This story has been updated.
A man who served 22 years behind bars was freed last week when a judge at his second trial threw out the murder charge against him.
Duquene Pierre, now 45, was freed Friday after serving time for the murder of a man during a robbery in Elizabeth that occurred about 3:15 a.m. on March 20, 1994.
Pierre's defense attorney, Donald DiGioia, said Pierre was driving to Florida at the time of the robbery, and got a speeding ticket in South Carolina about 11:34 p.m. on March 19, less than four hours before the shooting and 749 miles away.
At Pierre's first trial, prosecutors said it could have been Pierre's brother who was driving the car that was ticketed for speeding.
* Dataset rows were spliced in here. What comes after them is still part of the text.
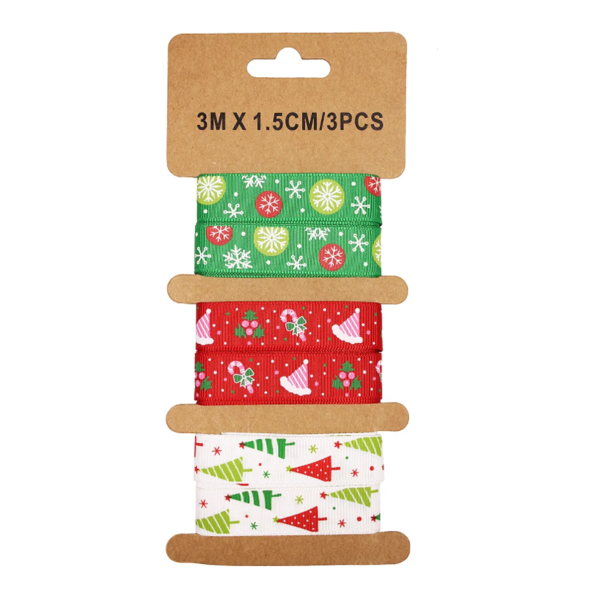 Набор лент Новый Год 1,5 см. х 3 м., 3 шт.3 цвета (зелёный, красный, белый)/Сф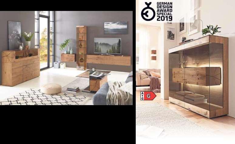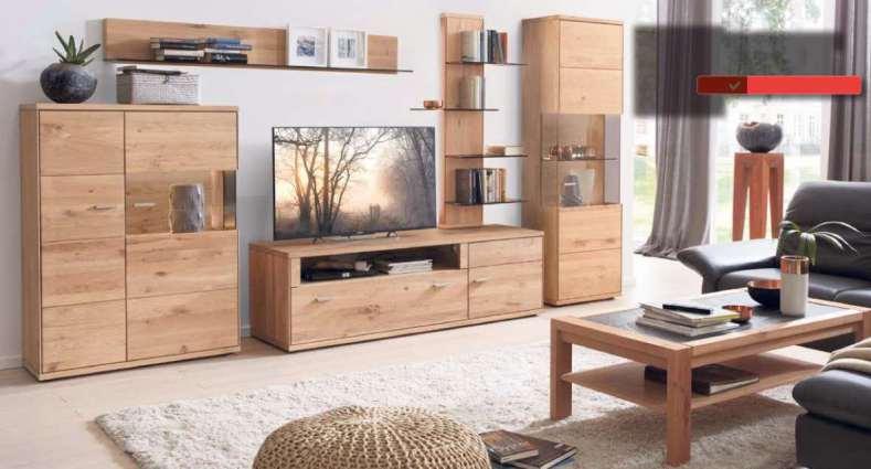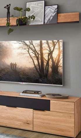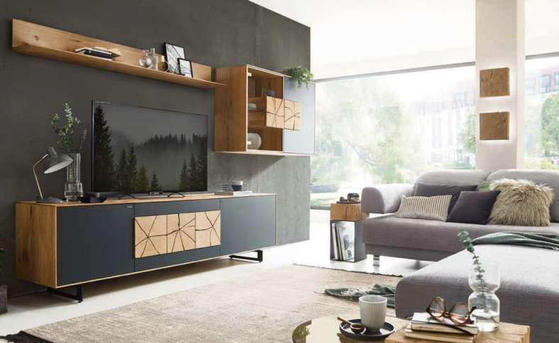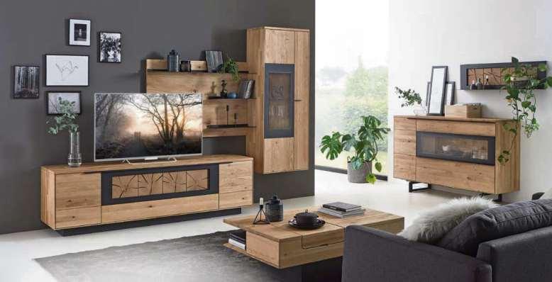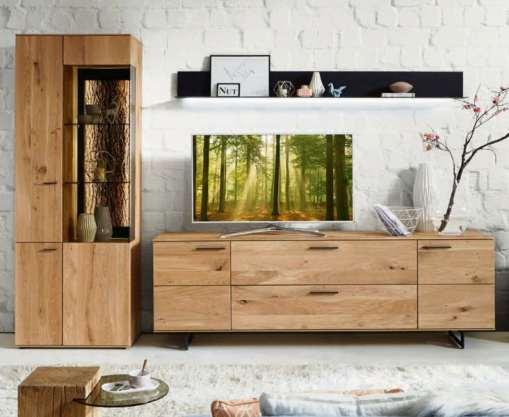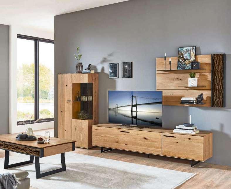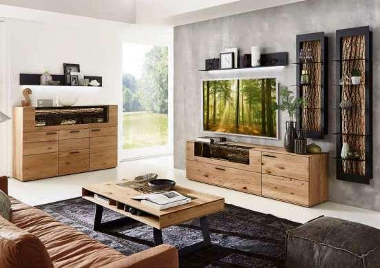 Wohnprogramm, Wildeiche massiv soft gebürstet, Rückwände Kaminholz-Akzent, Absetzung Metall carbonfarbig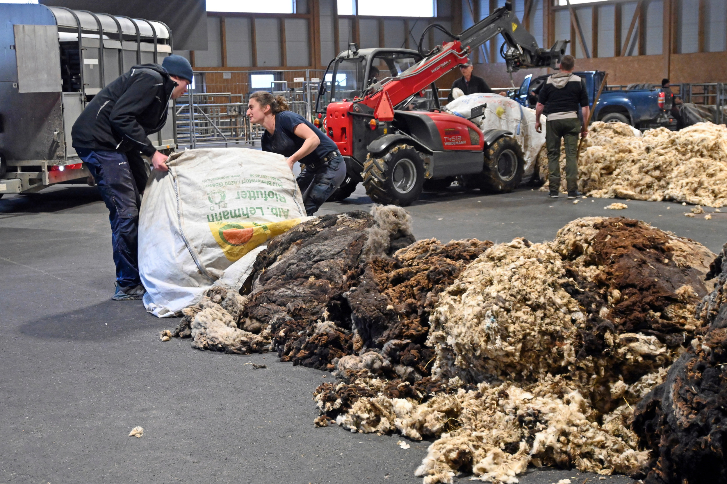 Nach dem Wägen bringt ein Teleskoplader den Bigbag zum entsprechenden Haufen. Braun und gemischt oder weiss. Zwei Mitarbeiter der Sammelstelle leeren den Sack von Hand aus. Ein weiterer Mitarbeiter bringt die Wolle mit einer Heugabel in die Schlangenform. Mehrere Leute sammeln direkt Wollstücke mit Markierfarbe heraus. Die Farbe vom Markieren der Schafe geht beim Waschen fast nicht heraus.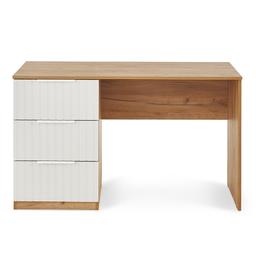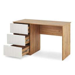 Hilton kolleksiýasyndan ýazuw we kompýuter stoly "Hilton" ýazuw stoly kiçi otaglarda ykjam iş ýa-da okuw meýdançasyny döretmäge kömek eder. Süýşürilýän çekmeler resminamalary we kanselýariýa harytlaryny elýeterli ýerde saklamaga mümkinçilik berýär. Korpusynyň agaç teksturasy we çekmeleriniň ak reňkli MDF-den bolan fasadlary interýere döwrebap görnüş berýär. Esasy aýratynlyklary: Korpusyň materialy: Agaç teksturaly LDSP. Fasadlaryň materialy: Ak reňkli MDF. Gurluşy: Giň stolüsti we süýşürilýän çekmeler. Niýetlenilişi: Iş, okuw we kompýuterde işlemek üçin. Ölçegleri: Boýy: 75 sm. Ini: 120 sm. Çuňlugy: 60 sm. Eltip bermek we gurnamak: Aşgabat şäheri boýunça mugt.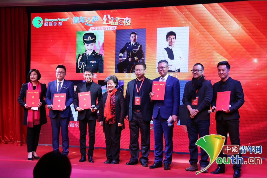 活动现场,央视著名主持人撒贝宁、高潮东、王筱磊、沙玛阿果、舒冬等被授予“授渔计划・青年之声”精准扶贫助学行动爱心志愿者证书。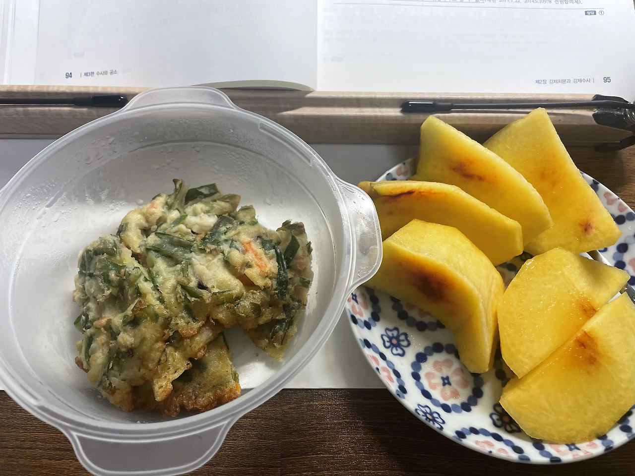 간단하게 해물파전과 복숭아를 저녁으로 먹고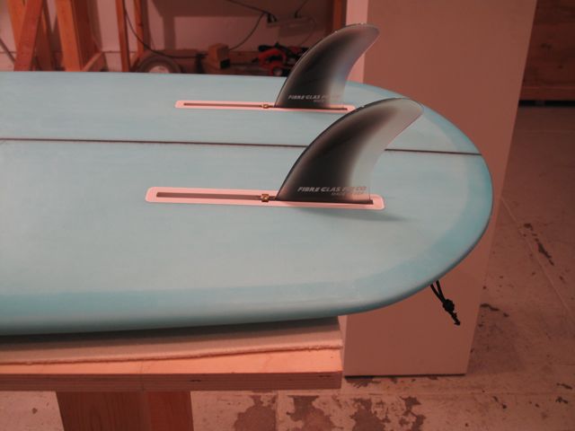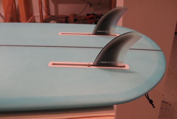 has two fin boxes placed well off the rail -- 4.5" out from the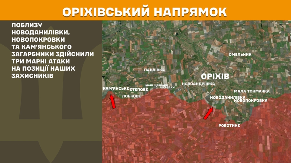 На Оріхівському напрямку поблизу Новоданилівки, Новопокровки та Кам’янського загарбники здійснили три безуспішні атаки на позиції Сил оборони.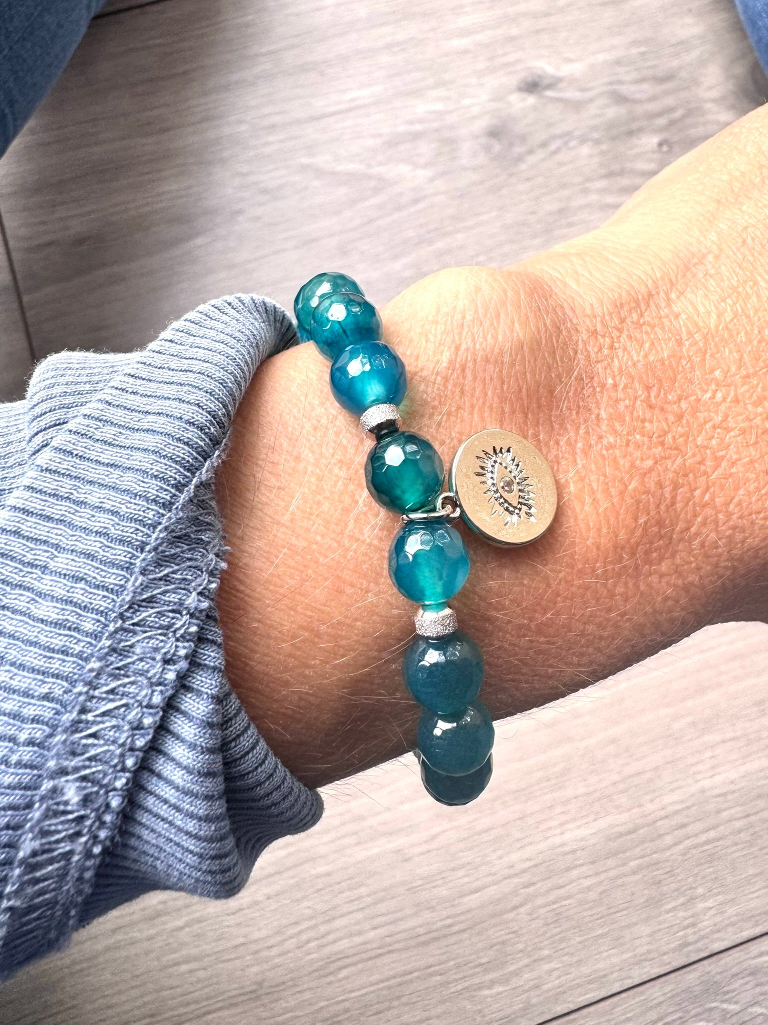 Evil Eye Teal Agate Bracelet

The defense attorney in that trial introduced the speeding ticket and cell phone records showing Pierre as he traveled south, but a jury still convicted Pierre of participating in the robbery and fatal shooting of a man outside a house on Magnolia Street in Elizabeth.
Last December, the state Supreme Court ordered a new trial, concluding Pierre was denied effective counsel because the original defense attorney failed to call family members to testify that they saw the defendant in Florida.
Linda Mehling, who represented Pierre in the Supreme Court appeal, and won the decision for a new trial, has credited Pierre with filing the court papers to get his case before the state's highest court.
DiGioia said that at the second trial last week, two people - who had originally testified as eyewitnesses at the first trial - admitted they were unsure of their identification of Pierre.
Witnesses had originally identified one of the shooters as Jean Dorval, who was a known associate of Pierre, the decision states. A witness at the first trial also testified that she saw Pierre and Dorval in her apartment hours after the shooting on March 20, when Pierre said he was in Florida.
Dorval and and another co-defendant, James Jean Louis, were also convicted in the murder and are still serving prison sentences.
DiGioia, who worked with an associate, Michael Simon and a second attorney, Frank Krack to represent Pierre, said Dorval was with Pierre as they traveled to Florida.
Pierre was originally sentenced to 60 years in prison.